- Opening Delimiter -

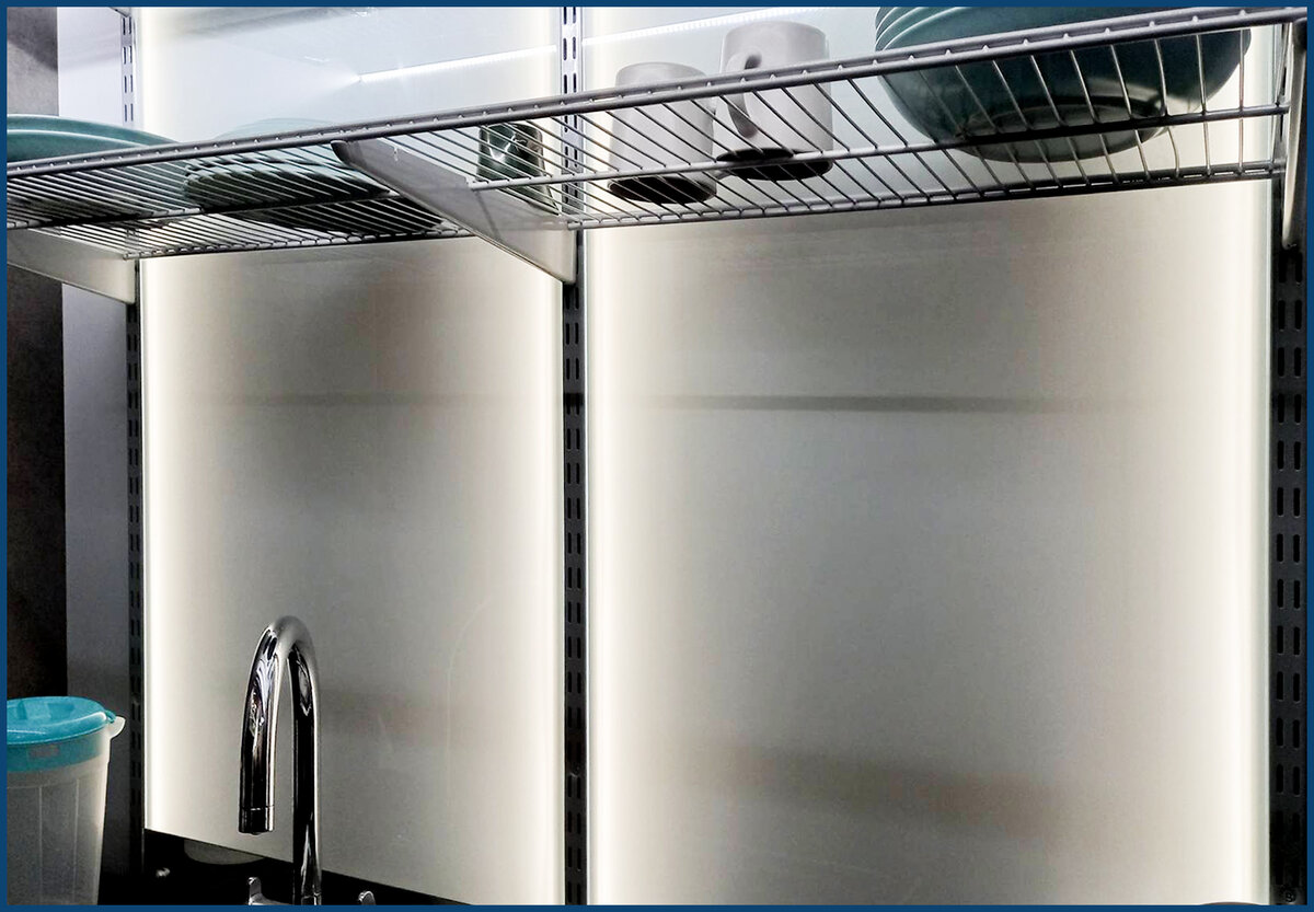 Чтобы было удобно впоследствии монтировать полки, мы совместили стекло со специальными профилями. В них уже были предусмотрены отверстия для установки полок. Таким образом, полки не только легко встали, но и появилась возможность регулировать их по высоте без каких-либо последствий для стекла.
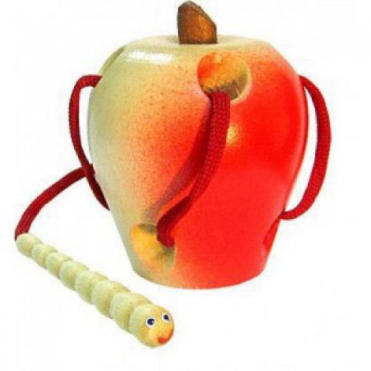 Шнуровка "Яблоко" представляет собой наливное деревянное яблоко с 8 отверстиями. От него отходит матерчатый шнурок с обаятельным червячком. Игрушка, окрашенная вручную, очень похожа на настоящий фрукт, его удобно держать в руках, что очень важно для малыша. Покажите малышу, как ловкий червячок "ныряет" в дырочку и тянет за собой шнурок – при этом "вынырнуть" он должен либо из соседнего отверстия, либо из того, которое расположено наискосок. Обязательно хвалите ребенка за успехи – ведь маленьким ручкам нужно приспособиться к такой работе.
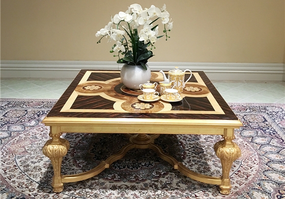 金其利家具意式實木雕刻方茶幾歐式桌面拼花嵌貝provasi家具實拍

- Closing Delimiter -

About this task ::
Go through the listing above and retype each line exactly, apart from the pictures.

Task output ::
 Чтобы было удобно впоследствии монтировать полки, мы совместили стекло со специальными профилями. В них уже были предусмотрены отверстия для установки полок. Таким образом, полки не только легко встали, но и появилась возможность регулировать их по высоте без каких-либо последствий для стекла.
 Шнуровка "Яблоко" представляет собой наливное деревянное яблоко с 8 отверстиями. От него отходит матерчатый шнурок с обаятельным червячком. Игрушка, окрашенная вручную, очень похожа на настоящий фрукт, его удобно держать в руках, что очень важно для малыша. Покажите малышу, как ловкий червячок "ныряет" в дырочку и тянет за собой шнурок – при этом "вынырнуть" он должен либо из соседнего отверстия, либо из того, которое расположено наискосок. Обязательно хвалите ребенка за успехи – ведь маленьким ручкам нужно приспособиться к такой работе.
 金其利家具意式實木雕刻方茶幾歐式桌面拼花嵌貝provasi家具實拍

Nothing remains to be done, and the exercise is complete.